Elle demande en conséquence à la cour de la déclarer recevable et bien fondée à venir aux droits de la société GE Money Bank, d'infirmer le jugement déféré et, statuant à nouveau, de condamner Monsieur X à lui restituer le véhicule de marque Hyundai dont elle est propriétaire, sous astreinte de 500 euros par jour ainsi qu'à lui payer une somme de 1 500 euros en vertu de l'article 700 du Code de procédure civile.
Monsieur X, auquel ces écritures ont été signifiées par acte du 6 août 2019 délivré par la voie d'un procès-verbal de recherches infructueuses, n'a pas fait valoir d'observation.
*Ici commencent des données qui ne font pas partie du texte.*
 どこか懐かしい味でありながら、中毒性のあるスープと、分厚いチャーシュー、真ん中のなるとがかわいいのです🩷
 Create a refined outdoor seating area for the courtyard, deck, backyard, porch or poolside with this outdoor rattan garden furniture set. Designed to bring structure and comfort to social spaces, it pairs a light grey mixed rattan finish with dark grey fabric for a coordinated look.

Il convient, à titre liminaire, de donner acte à la société NACC de ce qu'elle reprend l'instance aux lieu et place de la société GE Money Bank à la suite de la cession de créance intervenue le 25 juin 2019.
MOTIFS
Ceci étant précisé, au soutien de sa demande en restitution du véhicule pour le financement duquel la société GE Money Bank devenue My Money Bank avait accordé son concours, la société Nacc se prévaut de la clause de réserve de propriété qui assortit le contrat de crédit, souscrite le 21 mars 2012 tant par le vendeur, que le prêteur et l'acquéreur.
L'offre de crédit litigieuse prévoit en effet, en page 5, que " le vendeur et l'acheteur (emprunteur) conviennent expressément que la vente de ce véhicule est réalisée avec une clause de réserve de propriété au profit du vendeur " ; " le transfert de propriété à l'acheteur (emprunteur) est subordonné au complet paiement du prix par celui-ci " ; que " la réserve de propriété est considérée comme un accessoire de la créance du vendeur " ; qu' " elle peut donc être transmise avec celle-ci ".
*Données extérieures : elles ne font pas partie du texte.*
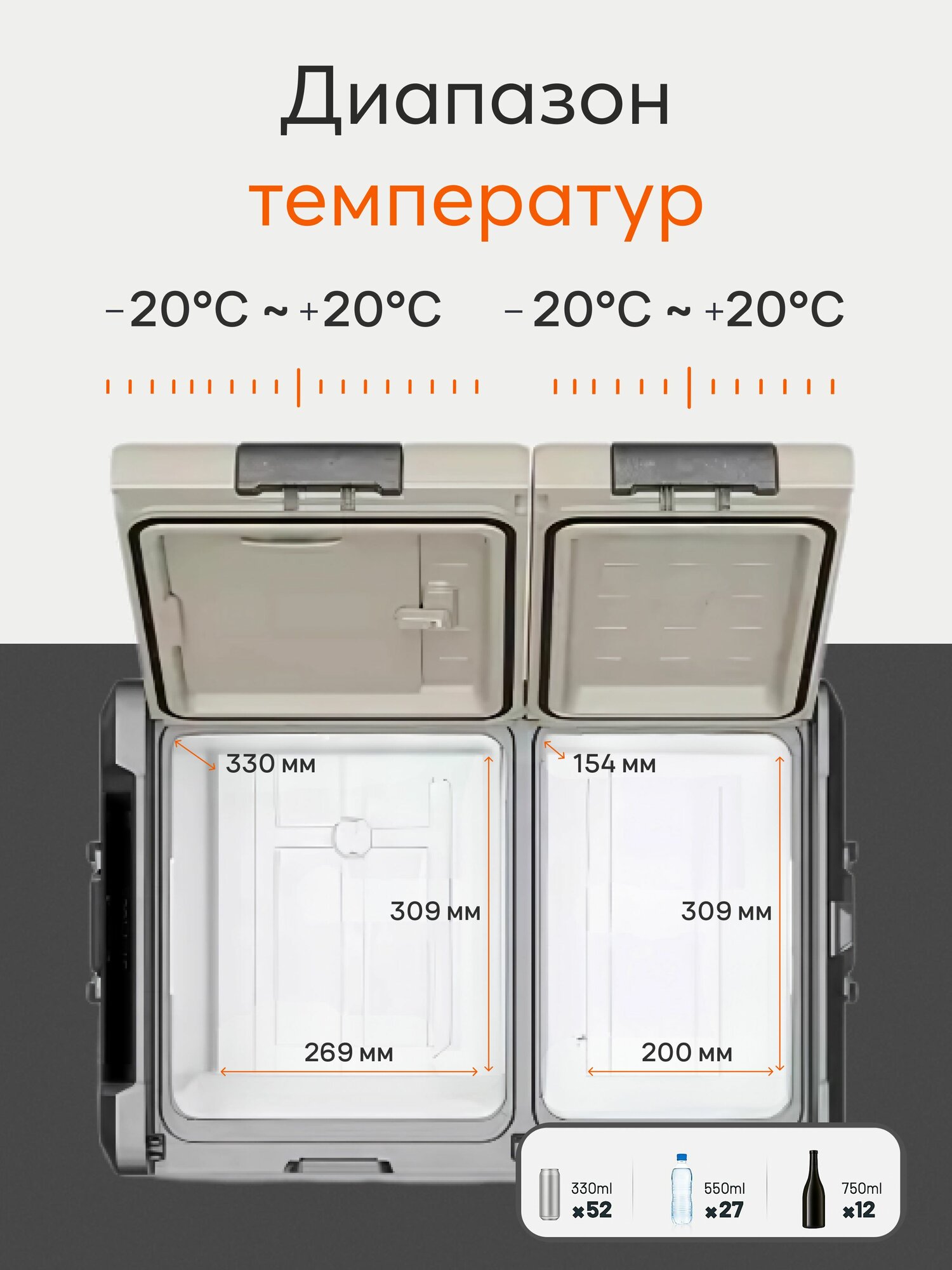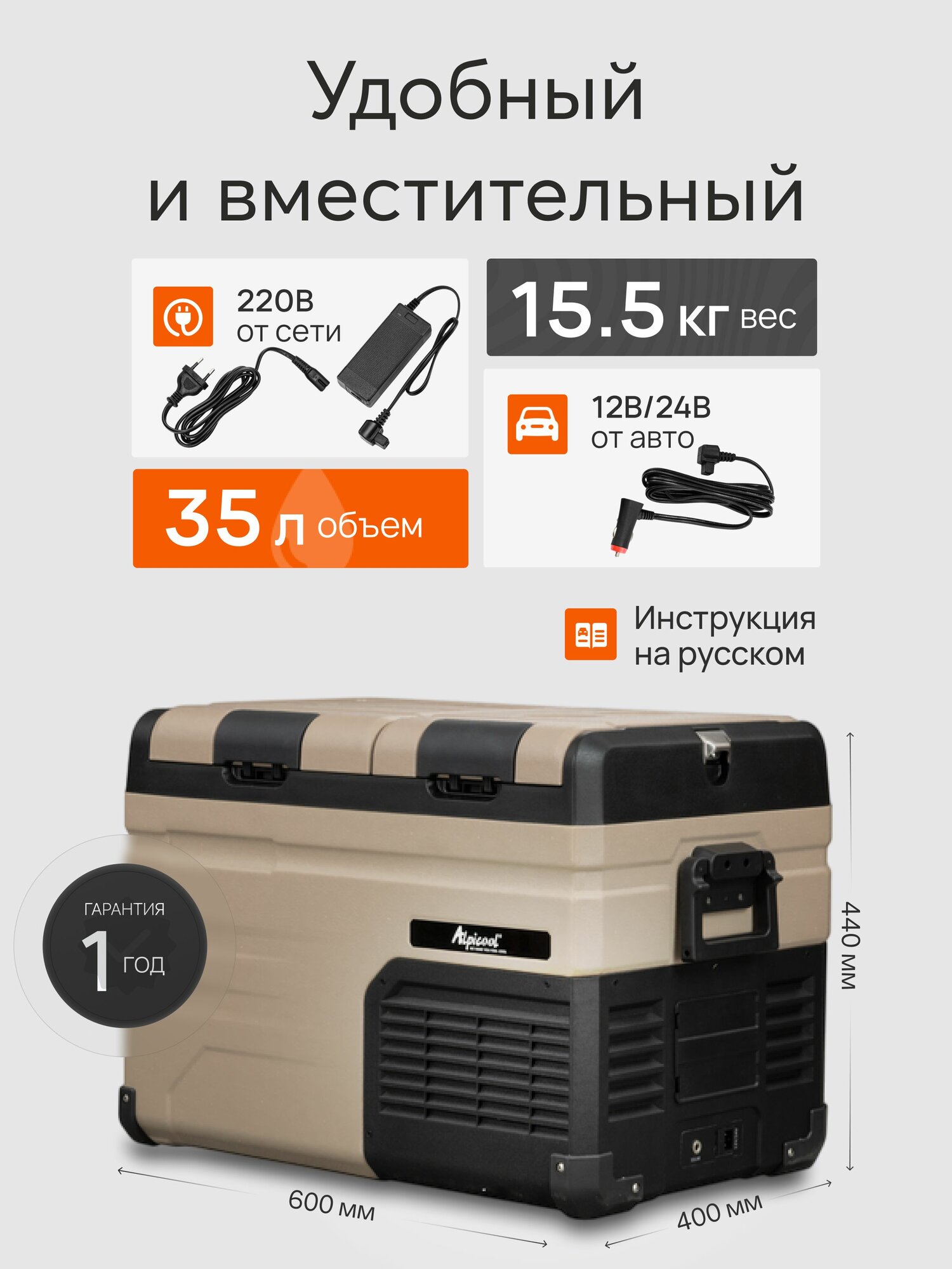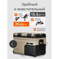 Отличительной особенностью модели является малошумный высокопроизводительный компрессор. Автохолодильник имеет 2 камеры, общий объем камер 35 л. Можно настраивать свой температурный режим в каждой камере отдельно.

Il y est ensuite indiqué que " conformément à l'article 1250, 1°, du Code civil, le prêteur qui a réglé le solde du prix de vente est subrogé dans tous les droits et actions du vendeur nés de la présente clause de réserve de propriété et ce, jusqu'au remboursement complet de sa créance " ; que " l'acheteur reconnaît avoir été informé de la subrogation ainsi stipulée ".
Il y est encore prévu qu'" en cas de défaillance de sa part, l'acheteur (emprunteur) s'engage à restituer le bien à première demande du prêteur " et que " le prêteur sera valablement fondé à engager toutes poursuites lui permettant de récupérer le véhicule et pourra le revendre aux enchères et affecter le prix de cette vente au règlement de sa créance totale, le surplus éventuel étant reversé à l'acheteur (emprunteur) ".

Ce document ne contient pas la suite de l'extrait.